Dataset content:
*** Block opens ***

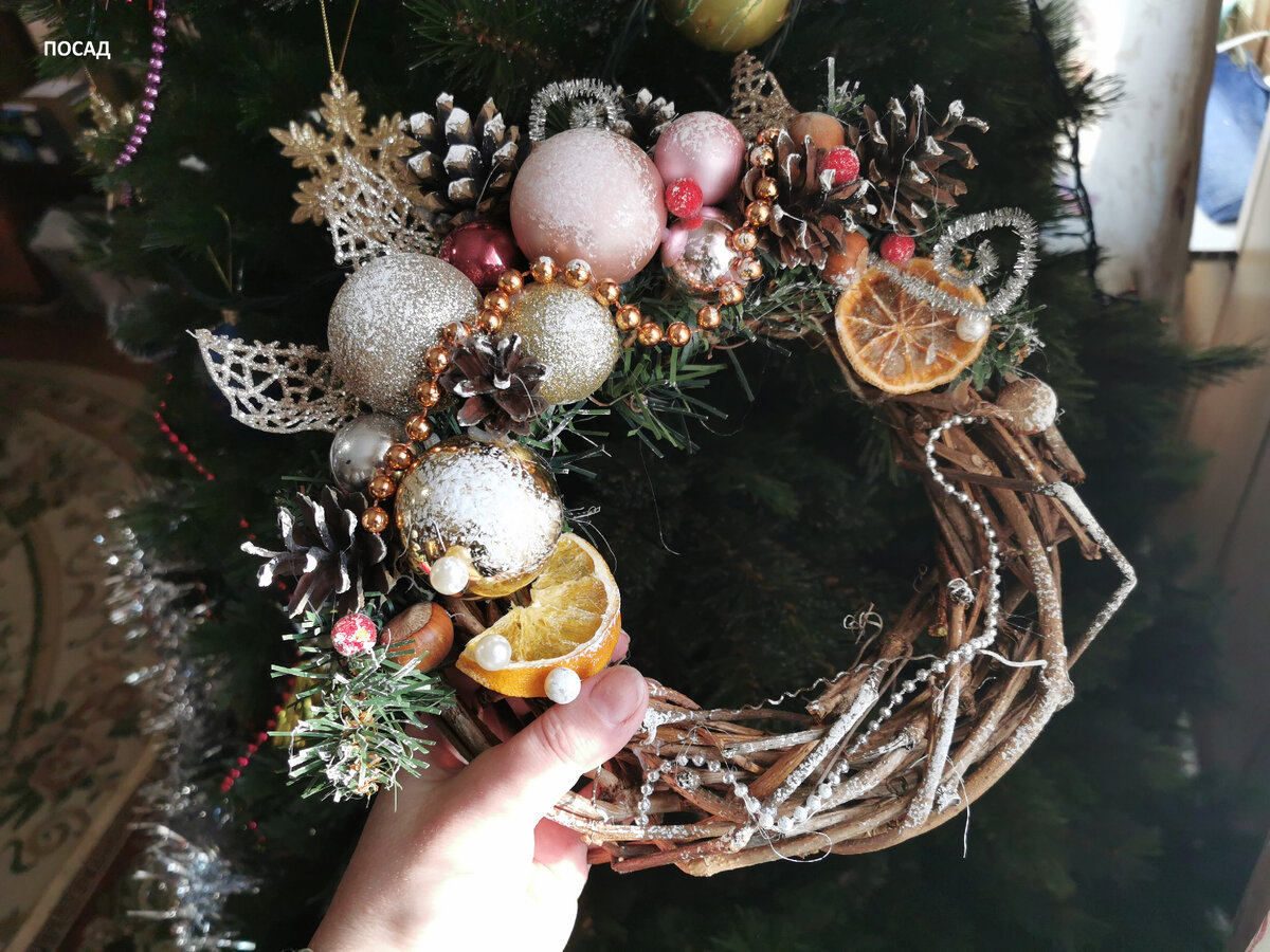С помощью красок и блесток были созданы яркие элементы, которые в итоге использовались на главном новогоднем украшении. Когда Рождество пришло, венок выглядел особенно красиво благодаря всем проделанным усилиям.
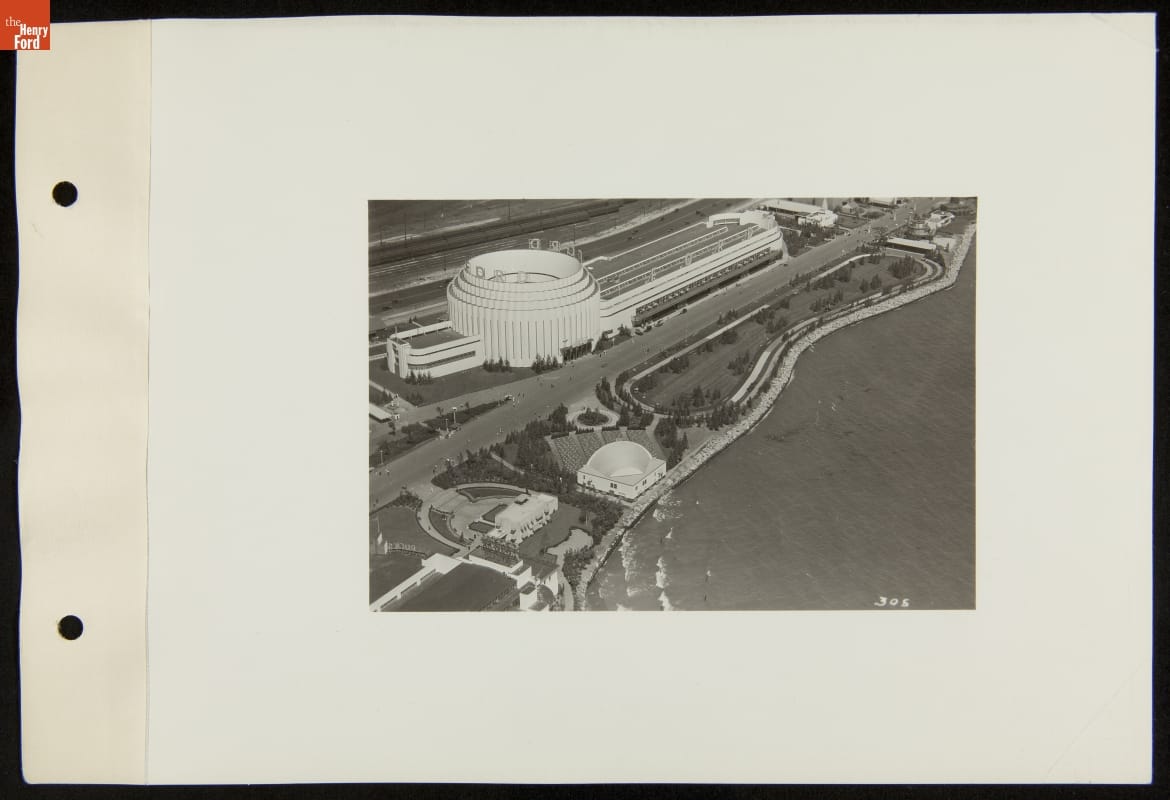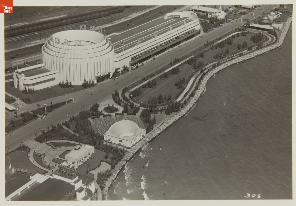 Aerial View of the Ford Exhibition Building and Symphony Gardens, Century of Progress International Exposition, Chicago, 1934
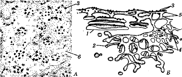 Эндоплазматическая сеть (ЭПС):А — перерисовка электронной микрофотографии; Б — реконструированная схема; 1 — мембрана; 2 — трубочки; 3 — рибосомы; 4 — гладкая ЭПС; 5 — шероховатая ЭПС; 6 — цитоплазма
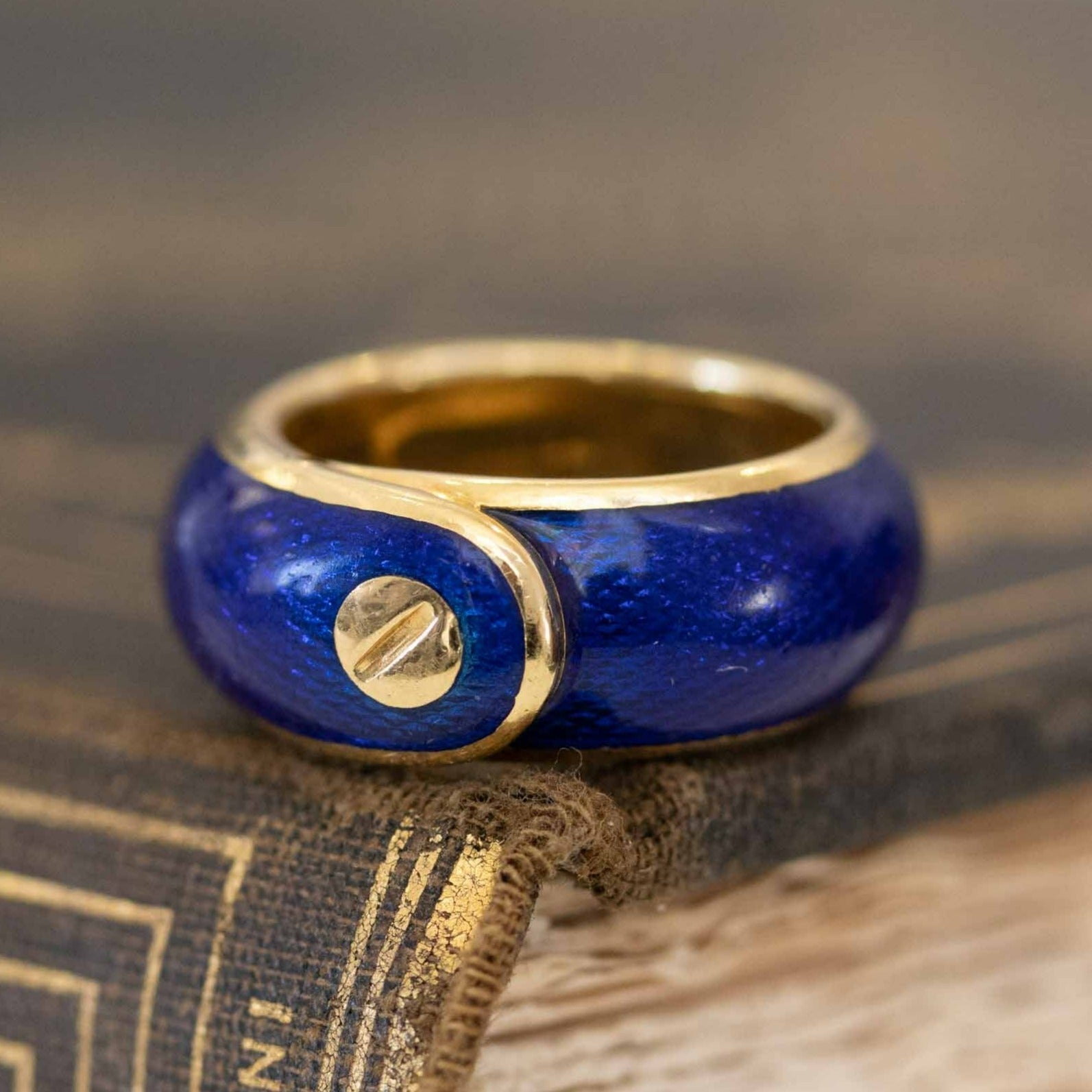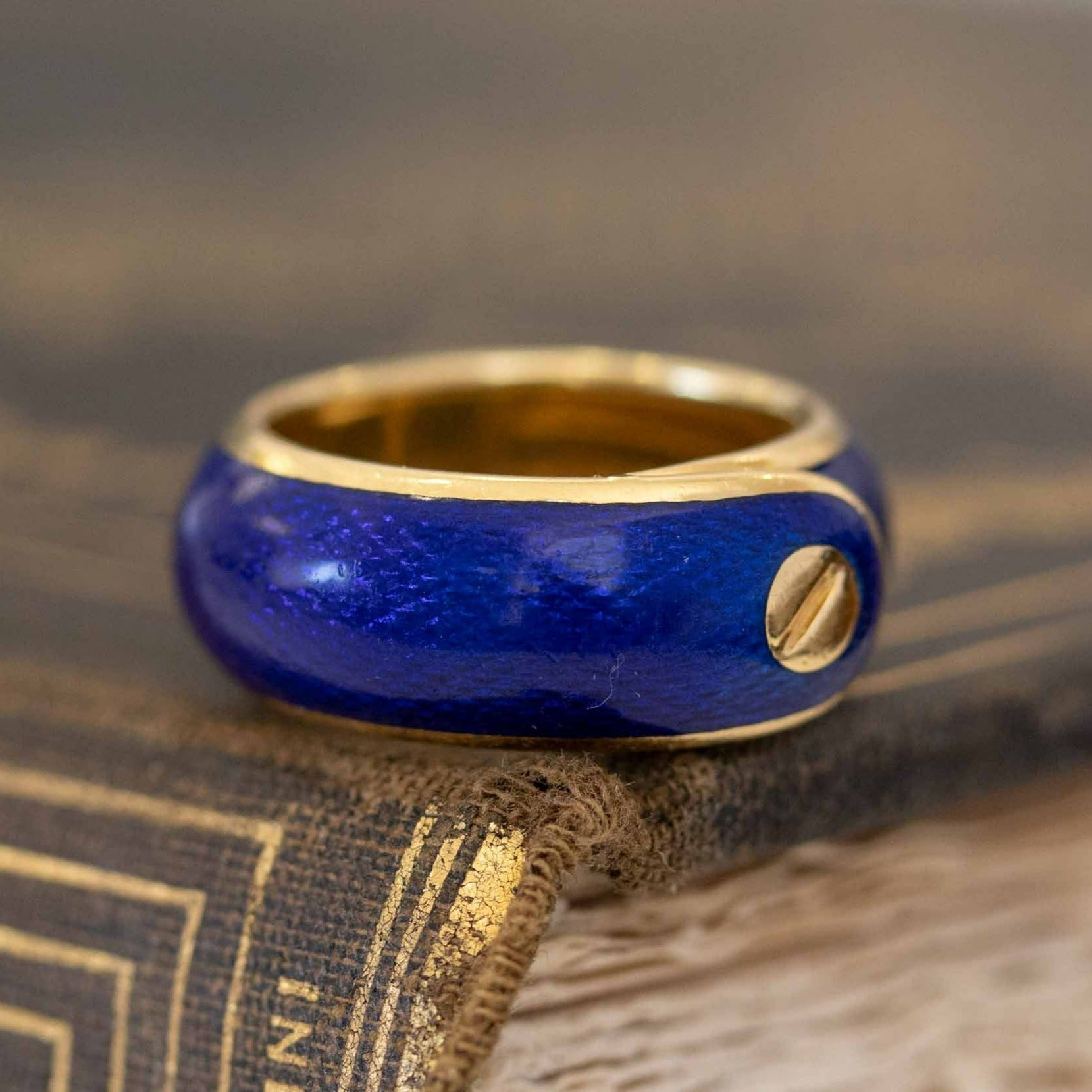 Vintage Blue Enamel Gold Buckle Band by Van Cleef & Arpels
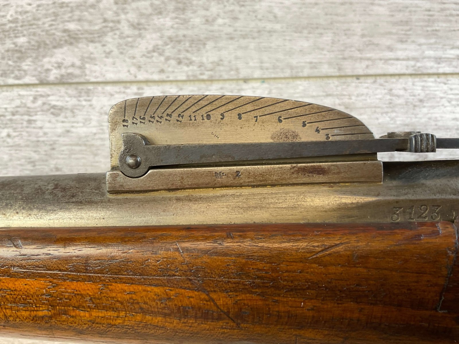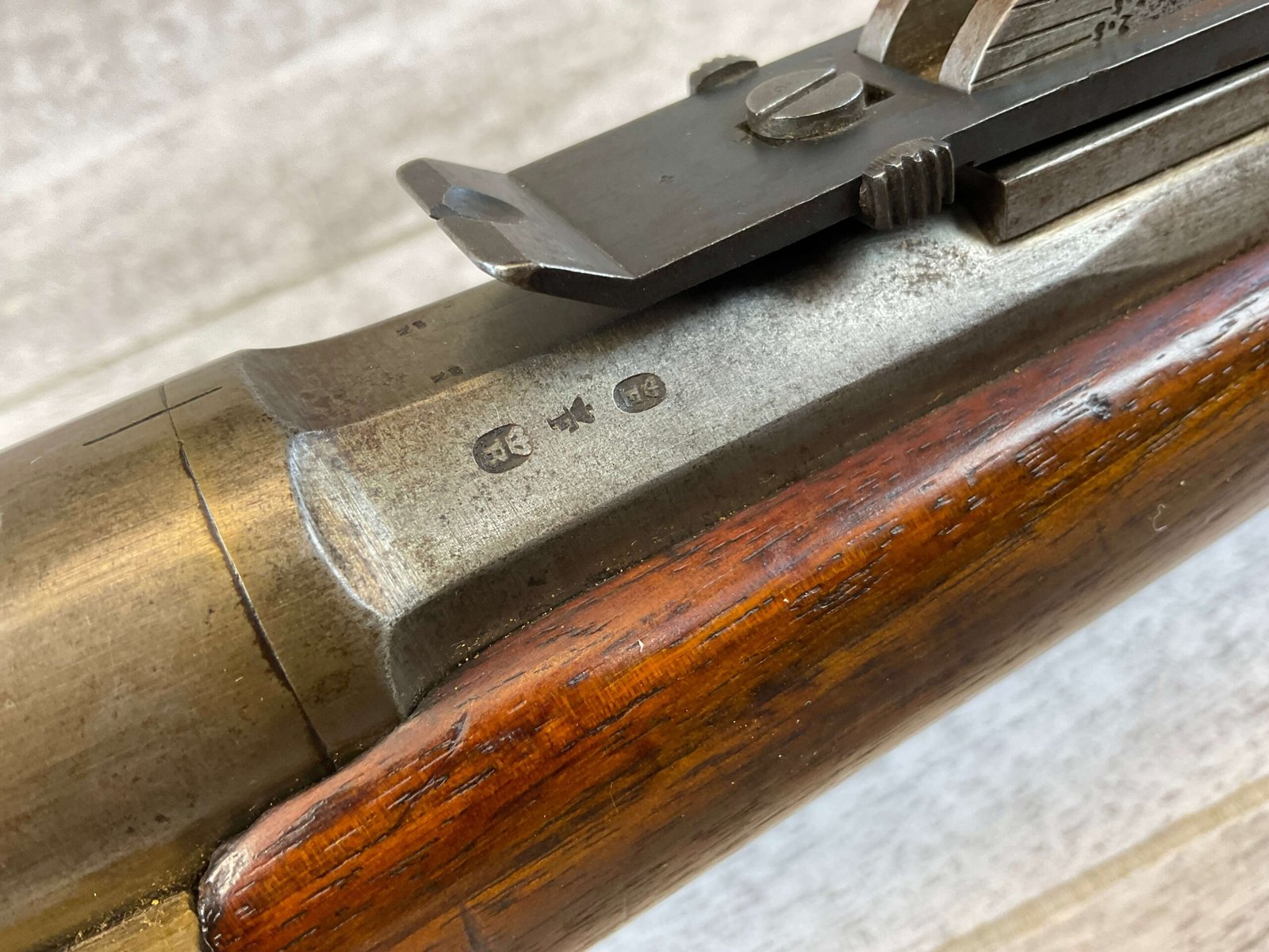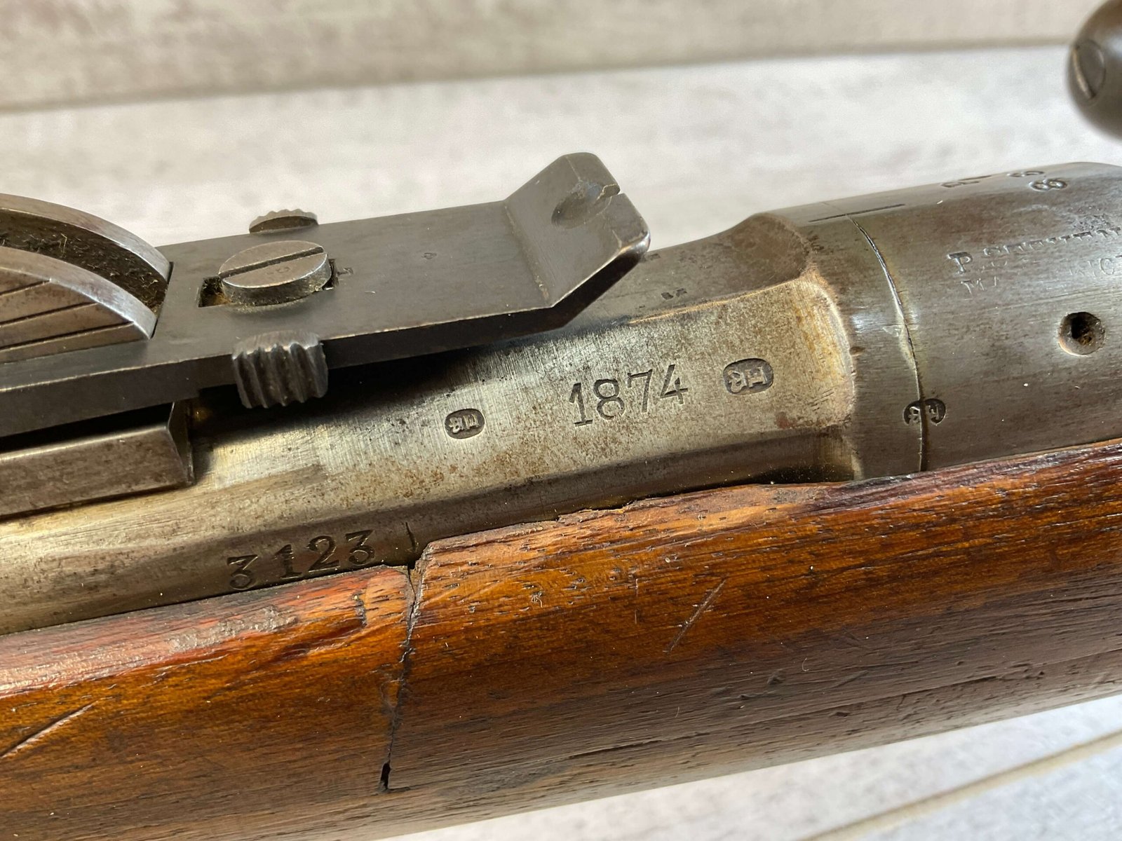 DUTCH M1871 BEAUMONT 11.3X52r BOLT ACTION SINGLE SHOT INFANTRY RIFLE #3123, 11.3mm, 32 5/8″ BARREL, VG-EXC BORE W/EXC RIFLING, GOOD WALNUT STOCK W/NICK & DINGS CORRECT FOR AGE, NON- MATCHING, METAL BUTT PLATE W/SOME RUST, DATE STAMP “1874” ON BARREL, DARK BROWN/GREY PATINA THROUGHOUT, LARGE ELEVATED REAR SIGHT, NO MAGAZINE (THIS IS RARE AS IT HASN’T BEEN CONVERTED TO MAGAZINE FEED), CONDITION AS SHOWN IN PICTURES, FROM THE JAMES EARL JONES “FAVORITES” COLLECTION W/ CERTIFICATE OF AUTHENTICITY.

*** Block closes ***

The problem: Would you please retype the material above exactly and leave out each picture?

Solution to the problem:
С помощью красок и блесток были созданы яркие элементы, которые в итоге использовались на главном новогоднем украшении. Когда Рождество пришло, венок выглядел особенно красиво благодаря всем проделанным усилиям.
 Aerial View of the Ford Exhibition Building and Symphony Gardens, Century of Progress International Exposition, Chicago, 1934
 Эндоплазматическая сеть (ЭПС):А — перерисовка электронной микрофотографии; Б — реконструированная схема; 1 — мембрана; 2 — трубочки; 3 — рибосомы; 4 — гладкая ЭПС; 5 — шероховатая ЭПС; 6 — цитоплазма
 Vintage Blue Enamel Gold Buckle Band by Van Cleef & Arpels
 DUTCH M1871 BEAUMONT 11.3X52r BOLT ACTION SINGLE SHOT INFANTRY RIFLE #3123, 11.3mm, 32 5/8″ BARREL, VG-EXC BORE W/EXC RIFLING, GOOD WALNUT STOCK W/NICK & DINGS CORRECT FOR AGE, NON- MATCHING, METAL BUTT PLATE W/SOME RUST, DATE STAMP “1874” ON BARREL, DARK BROWN/GREY PATINA THROUGHOUT, LARGE ELEVATED REAR SIGHT, NO MAGAZINE (THIS IS RARE AS IT HASN’T BEEN CONVERTED TO MAGAZINE FEED), CONDITION AS SHOWN IN PICTURES, FROM THE JAMES EARL JONES “FAVORITES” COLLECTION W/ CERTIFICATE OF AUTHENTICITY.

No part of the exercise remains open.